Canadian Religious sister and founder

Élisabeth Bergeron, religious name Saint-Joseph, (May 25, 1851 – April 29, 1936) was a Canadian religious sister who was the founder of the Sisters of Saint Joseph of Saint-Hyacinthe in 1877. She was the Mother superior of the congregation for the first two years.

Before entering the religious life, Bergeron worked in a cotton mill in the New England region of the United States and taught catechism in evening school to local impoverished children with no religious education. She was declared venerable by Pope John Paul II in 1996.

==Biography==
Bergeron was born on May 25, 1851, in the small village of La Présentation, Quebec, Lower Canada, close to Saint-Hyacinthe. She was the fourth of eleven children of the farmer Théophile Bergeron and Basiliste Petit. After briefly going to the local rural area school located in La Présentation, where she learned to read since her parents were poor, Bergeron became interested in religion from an early age and did her first Communion in mid-1859 at the age of eight. She asked her parents if she could do her First Communion, but they refused and barred her from attending catechism classes. At age 14, Bergeron unsuccessfully wanted to join the Sisters of Saint Joseph of Saint-Hyacinthe since the Superior general thought her too young.

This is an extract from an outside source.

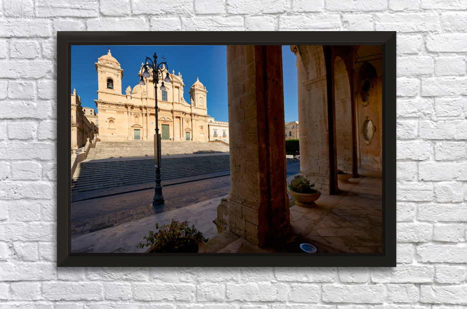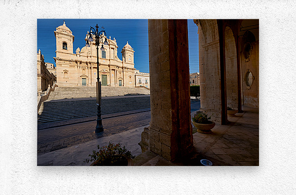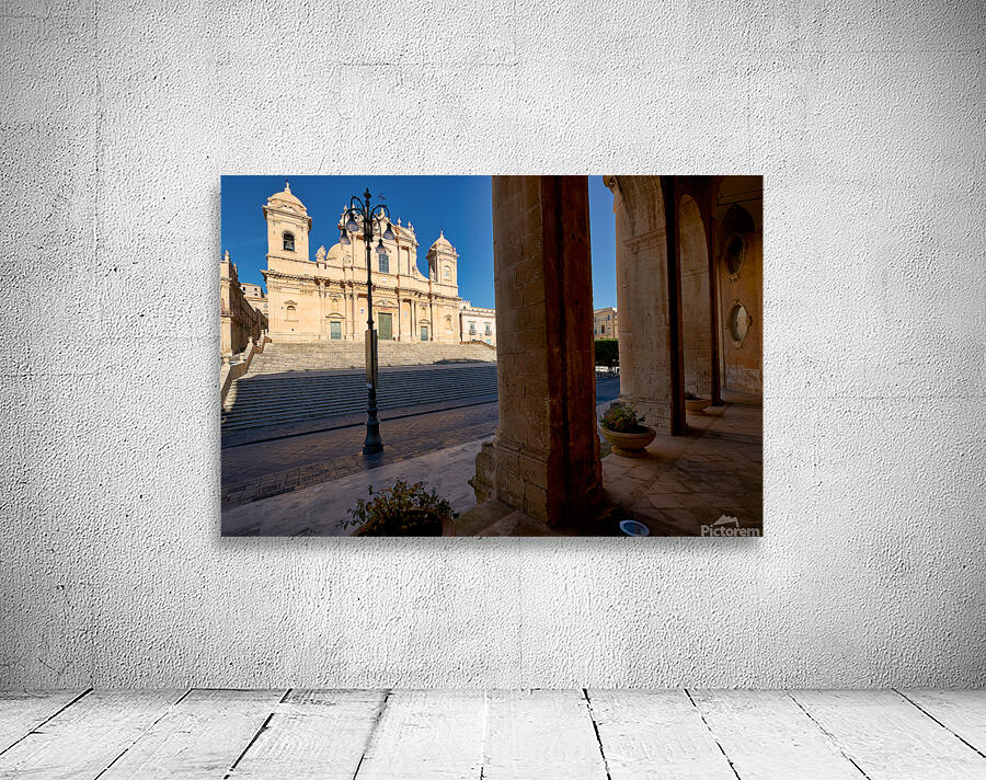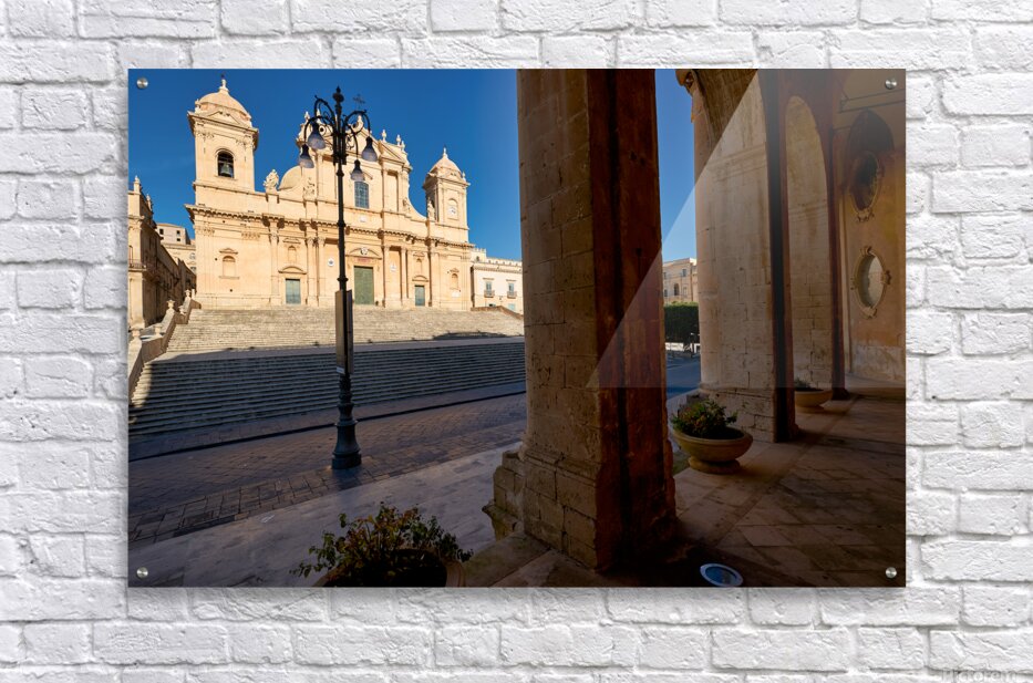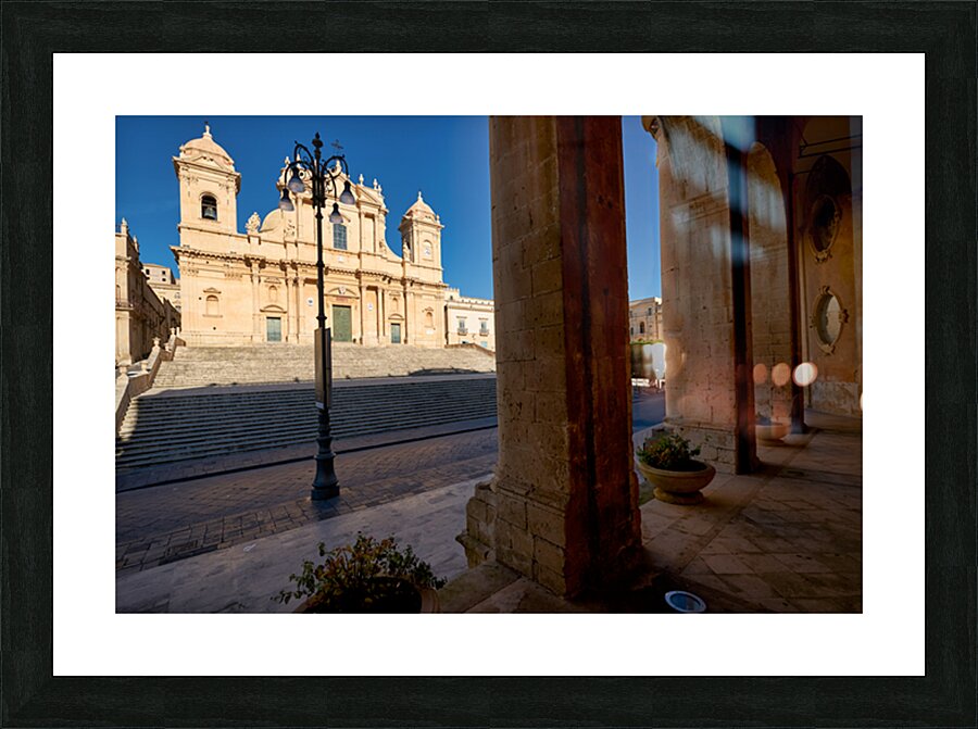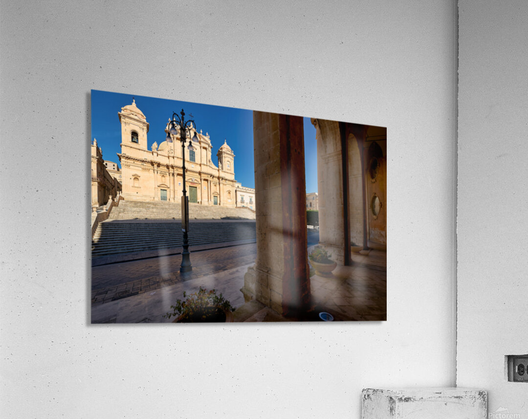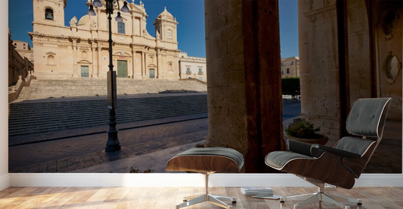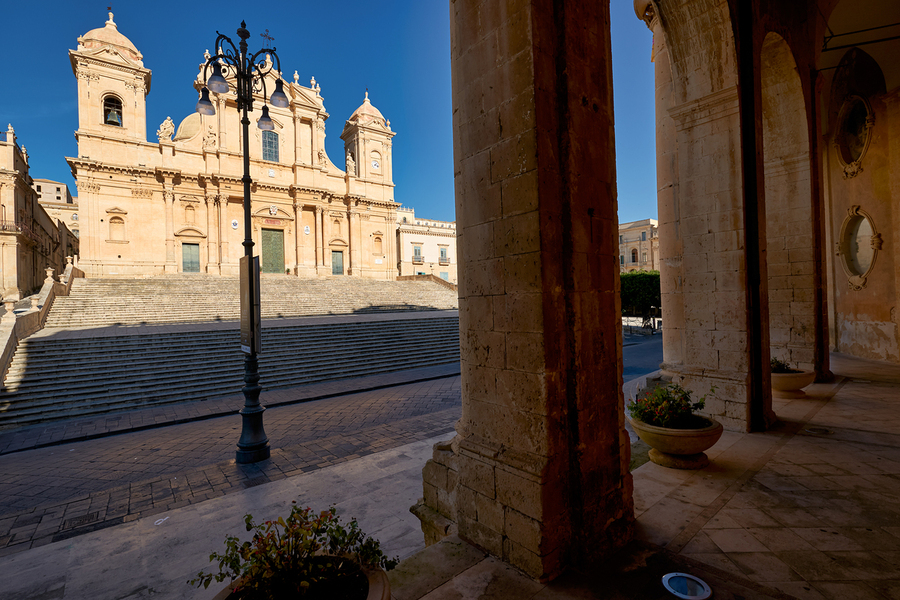 Visitors walk by Noto Cathedral in Sicily Italy. The sun shines brightly on the steps leading to the entrance.

She and her family later relocated to the New England region of the United States due to the economic crisis, where they worked from 1865 to 1870. Bergeron initially resided in Brunswick, Maine, and Salem, Massachusetts, working in a cotton mill and teaching catechism at evening school in her home to local children who had no religious education since they were poor. She returned to Quebec with extra savings in March 1870. She was admitted to the Sisters Adorers of the Precious Blood in March 1871 but left in July that year since the Superior general advised her that she did not think her of having the vocation of a worshipper because of its strict rules. Bergeron briefly spent time with Montreal's Sisters of Miséricorde, but she decided to leave it following a few days of being a postulate due to dissatisfaction.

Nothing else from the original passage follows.